Minister-president, wat is het standpunt van de Vlaamse Regering betreffende de zogenaamde digitale soevereiniteit in Europa? Werden er hieromtrent reeds bepaalde initiatieven genomen door de Vlaamse Regering? Ziet u een belangrijke rol voor Vlaanderen weggelegd in dit verhaal? Zo ja, welke? Welke knowhow heeft Vlaanderen vandaag reeds in huis? Dan heb ik het bijvoorbeeld over het uitbaten van grote databases en innovatieve ontwikkelingen op het vlak van de digitale economie.
Minister-president Jambon heeft het woord.
De Vlaamse Regering schrijft zich in in de geïdentificeerde probleemstelling dat we als Europa in de digitale economie steeds afhankelijker zijn geworden van buitenlandse spelers en dat het belangrijk is dat we onze eigen digitale agenda moeten kunnen bepalen. Heel wat van de ideeën en acties die Duitsland, Denemarken, Estland en Finland naar voren brengen zijn interessant. Ik denk bijvoorbeeld aan: het verdiepen van de digitale eengemaakte markt; het in kaart brengen van kritieke sectoren en strategische afhankelijkheden en ze opnemen als leidende principes in de doelstellingen van de EU inzake digitalisering; het wegwerken van afhankelijkheden door middel van betere beleidsbenadering of wederzijdse afhankelijkheid met andere wereldspelers. De Europese Commissie wordt ook opgeroepen om nieuwe initiatieven te nemen inzake digitalisering, alsook bestaande te versterken. Velen daarvan zijn gerelateerd aan artificial intelligence (AI), quantum computing en dergelijke, maar ook de Digital Services Act. Dit zijn thema’s die voor de Vlaamse Regering belangrijk zijn en door Vlaanderen gesteund worden. Een echte digitale eengemaakte markt, vormgegeven op basis van Europese normen en waarden, zou een positieve zaak zijn voor Vlaamse digitale bedrijven en andere innovatoren, waardoor de algemene outline van de oproep en het concept zeker te ondersteunen valt vanuit de Vlaamse Regering.

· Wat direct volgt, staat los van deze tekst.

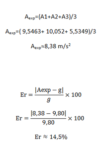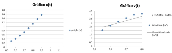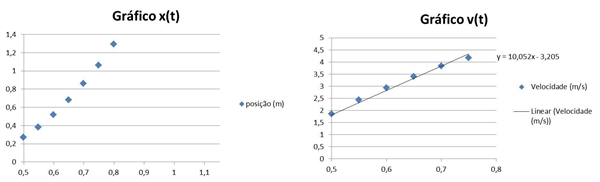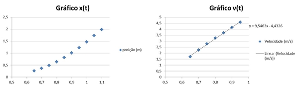 | Resultados: Tempo (s) | Posição (m) | Velocidade (m/s) | 0,6 | 0,184243 | 0,993412778 | 0,65 | 0,26069 | 1,693685556 | 0,7 | 0,361634 | 2,265828333 | 0,75 | 0,489326 | 2,778913889 | 0,8 | 0,640278 | 3,256500556 | 0,85 | 0,816551 | 3,703477222 | 0,9 | 1,010909 | 4,144948889 | 0,95 | 1,229541 | 4,587686111 | 1 | 1,471569 | 4,712895 | 1,05 | 1,739451 | 3,838078333 | 1,1 | 1,983473 | 0,656141667 |  Tempo (s) | Posição (m) | Velocidade (m/s) | 0,45 | 0,188691 | 1,12400611111 | 0,5 | 0,27359 | 1,86372611111 | 0,55 | 0,384843 | 2,43710888889 | 0,6 | 0,519357 | 2,943535 | 0,65 | 0,680911 | 3,40003944444 | 0,7 | 0,860777 | 3,83541722222 | 0,75 | 1,060881 | 4,17953166667 | 0,8 | 1,292767 | 3,98270333333 | 0,45 | 0,188691 | 1,12400611111 | 0,5 | 0,27359 | 1,86372611111 | 0,55 | 0,384843 | 2,43710888889 |  Tempo (s) | Posição (m) | Velocidade (m/s) | 0,55 | 0,287768 | 2,036785 | 0,6 | 0,406808 | 2,61563388889 | 0,65 | 0,551146 | 3,12697388889 | 0,7 | 0,721176 | 3,58588 | 0,75 | 0,910239 | 4,00395388889 | 0,8 | 1,122936 | 4,13568611111 | 0,85 | 1,362131 | 3,31405055556 | 0,9 | 1,56513 | 0,498317777778 | 0,55 | 0,287768 | 2,036785 | 0,6 | 0,406808 | 2,61563388889 | 0,65 | 0,551146 | 3,12697388889 |  Cálculos:  Conclusão: A queda livre é o movimento de um corpo que tem velocidade inicial 0 e, desprezando o atrito (resistência do ar), apenas depende da força gravítica do nosso planeta. A um corpo em queda livre chama-se grave. Galileu foi o primeiro físico a concluir que, desprezando a força de atrito do ar, independentemente da massa, dois corpos largados simultaneamente adquirem a mesma aceleração gravítica, isto é, dois corpos largados de uma mesma altitude e ao mesmo tempo, caem na superfície ao mesmo tempo pois a única força que influenciará o tempo em queda é a Força Gravítica. As principais caraterísticas de Fg são a sua direção vertical, o sentido descendente (de cima para baixo) e o valor que é, aproximadamente 10 m/s2 sendo que este valor depende da latitude e altitude do planeta. A partir da Lei da Gravitação Universal, formulada por Newton, podemos inferir que o valor da aceleração gravítica é uma força que atrai todos os corpos no Universo. Em todos os ensaios conseguimos obter gráficos velocidade-tempo com o movimento pretendido – movimento uniformemente acelerado. O erro relativo é cerca de 15 % que podem ser explicados pelo facto de termos desprezamos o valor da força de atrito quando ela não era completamente zero. __________________________________ Outros Trabalhos Relacionados | Ainda não existem outros trabalhos relacionados | | |

Onze invulling van digitale soevereiniteit wordt gestuurd in de richting van een groeiend digitaal leiderschap als EU door selecte en gerichte acties te ondernemen waar nodig, terwijl we open markten behouden en internationale samenwerking en het externe handelsaspect versterken. Ondanks het woord ‘soevereiniteit’ heeft deze visie een zeer open karakter, iets waar we als Vlaamse Regering attent voor zijn. We worden met andere woorden meer zelfredzaam waar nodig, zonder dat we ons afsluiten van de buitenwereld, en blijven net partnerschappen aanreiken op basis van onze normen en waarden. Ik ben dan ook verheugd om mee te delen dat België samen met Tsjechië, Ierland, Letland, Litouwen, Luxemburg, Polen en Zweden een brief heeft gestuurd naar Commissievoorzitter Ursula von der Leyen, ter opvolging van de Duitse, Deense, Estse en Finse brief, waarin de nadruk wordt gelegd op het belang van openheid in de vormgeving van dit concept. Ik heb de steun van de Vlaamse Regering voor dit initiatief vooraf aangegeven aan de eerste minister. Dit is ook een belangrijk thema met het oog op de agenda van de volgende Europese Raad.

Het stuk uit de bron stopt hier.